Мужчина достал из сумки заигранную колоду карт и стал раскладывать пасьянс.
— У грузинки, — сказал он, — ляжки, как у жирафа, и она умеет так подать себя нашему брату, что уже не помнишь, что сам купил ее. Армянок история сделала покорными лесбиянками и хорошими подругами, которые никогда не наказывают своих детей. Татарская женщина любит только татарина, чеченка — это смесь детородной машины и торговки наркотиками, дагестанка — маленькая, тощая, некрасивая и пахнет камфарой. Глупая, но гордая украинка зудит на своем ужасном суржике и вечно плетет какие-то интриги, так что уши русского мужика просто вянут от всего этого. И тогда появляются прибалтийки. Все — ни два ни полтора. Никакой тайны. Чересчур практичные. Ходят с поджатыми губами и никогда не смотрят по сторонам.

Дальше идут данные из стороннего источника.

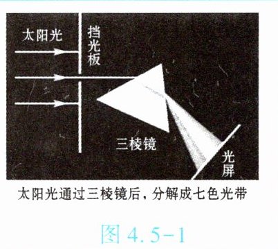 |光的色散|由图 4.5 - 1 所示实验可知,太阳光通过三棱镜后,会被分解成各种颜色的光,这是光的

Мужчина барабанил пальцами по столу. Девушка демонстративно закашлялась, но мужчина не обратил на это никакого внимания.
— Я никогда не имел ни одну русскую бабу, которая была бы хоть на мгновение довольна. А уж на моем-то шесте побывала не одна тысяча бабенок всех мастей и расцветок.
Мужчина протянул к девушке свои ручищи с длинными пальцами и плоскими чистыми ногтями. Ужасные руки. Выражение лица у него какое-то время оставалось равнодушным, но потом стало враждебным.
— Вот что такие, как вы, делаете в этом поезде? Дыркой своей торгуете?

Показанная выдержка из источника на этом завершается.